For a long time my standard fare for breakfast has been cereals. There’s quite a palatable and nutritious choice here in the US. My favourites are: Granola [Ancient Grains] and/or Oatmeal Squares. I can get both at Costco’s in San Antonio. But Kellogg’s does quite acceptable cereals, too. I certainly like their . I always have my cereals with milk and Maple Brown SugarMrs. Butterworth syrup, or, if I’m in a luxurious mood, with real Maple syrup.
I’ve given up on other kinds of cereals, especially the cornflake-type ones, since together with milk they get soggy (nearly) immediately. Sometime I “improve” my cereals with dried prunes and/or raisins.
As mentioned above: my breakfast nowadays does not always have cereals any more. Sometimes I have a sandwich – well, what we’d call “Butterbrot” in Germany, not a “regular” American sandwich. That is, if we’ve been to San Antonio and have got a “good” kind of bread there. Cold cuts as in Germany are unfortunately not to be had here, and thus I have cheese with my bread, or, sometimes, fried bacon. But I prefer toast, even if what you get here is not as good as the bread, with my bacon. I also quite often have preserves on my toast.
As hinted at when I mentioned fried bacon: sometimes – if I’m up to that much work 😉 early in the morning – I cook something for breakfast. Scrambled eggs with fried bacon is my preferred choice then. I need to be careful, though, with my cholesterol level. But as far as fried bacon is concerned I’ve learned from Mary: first of all I fry it very crisp, then I let the fat drip off, and finally I even dab it off with kitchen tissue. And as far as the (scrambled) eggs are concerned, I don’t use real eggs laid by chickens, but “eggbeaters“, that fluid stuff made 99% of egg whites. It looks yellow like egg and it tastes like egg, but it doesn’t have any cholesterol: ideal for me. the only disadvantage: as it is a liquid mass it cannot be made into fried eggs, only into scrambled ones.
What I also cook for breakfast: well, there’s home-made breakfast tacos that come to mind.
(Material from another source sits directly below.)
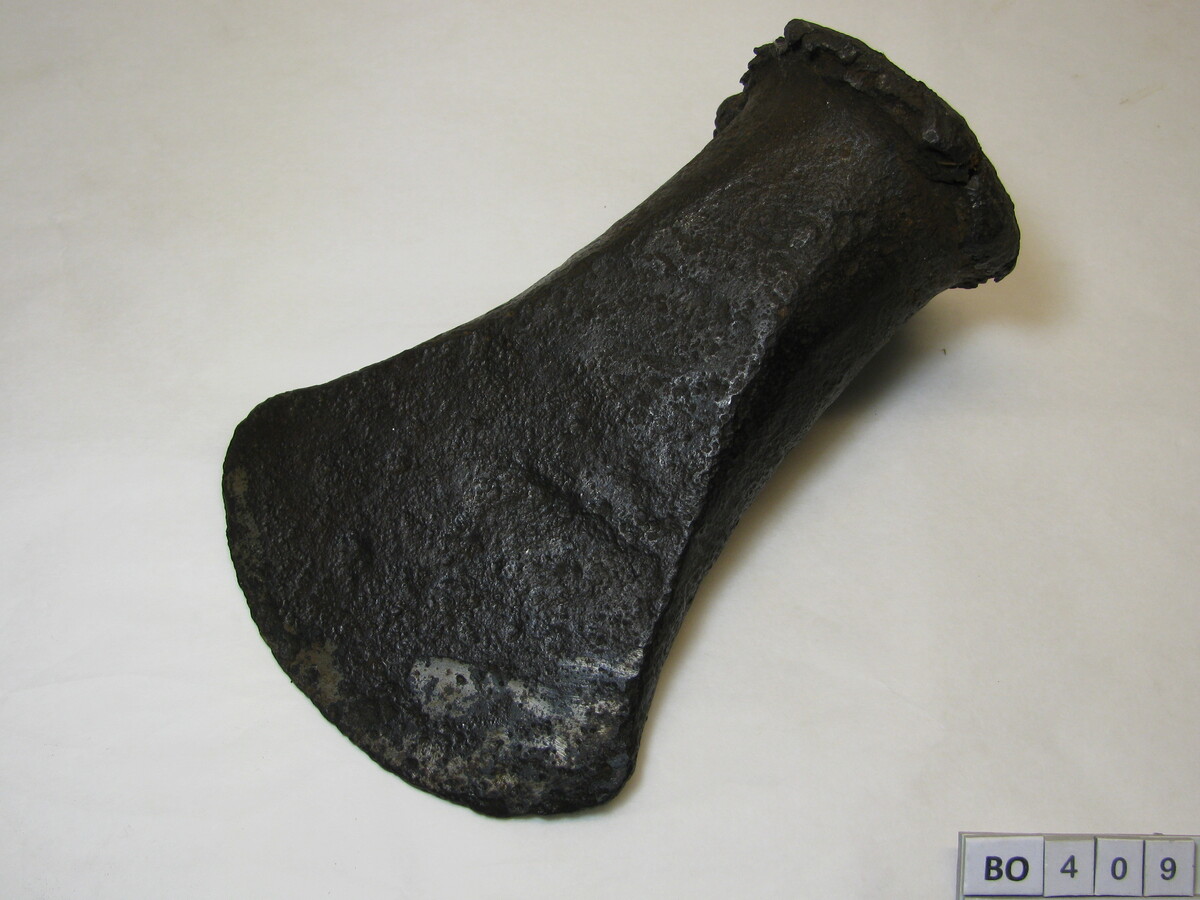 Bijlvormig stuk ijzer met dikke ronde voet met omgekruld ijzer. Zwart.

What I mostly do is bacon-and-bean tacos, sometimes also with chili. I’ve also hash browns and Kaiserschmarrn as well as fried sausage patties.
And not to forget: once in a while Mary cooks pancakes. Those, especially with real Maple syrup, are delicacies of course!
What remains to be said: coffee is an essential part of my breakfast. A breakfast without food is possible, but without coffee?! No way! Unthinkable!
Breakfast in a restaurant, as many people here in the US have it, is something we only do while travelling, and then only if the motel we’re staying at doesn’t offer a good breakfast or none at all. The I like to have breakfast at a Denny’s or, even better, at a rest stop for truckers. There I can eat everything that my heart craves… and makes my body fat! 😉 Come to think of it, sometimes – but not very often recently – we’ve been to IHoP [International House of Pancakes] for breakfast when shopping in San Antonio.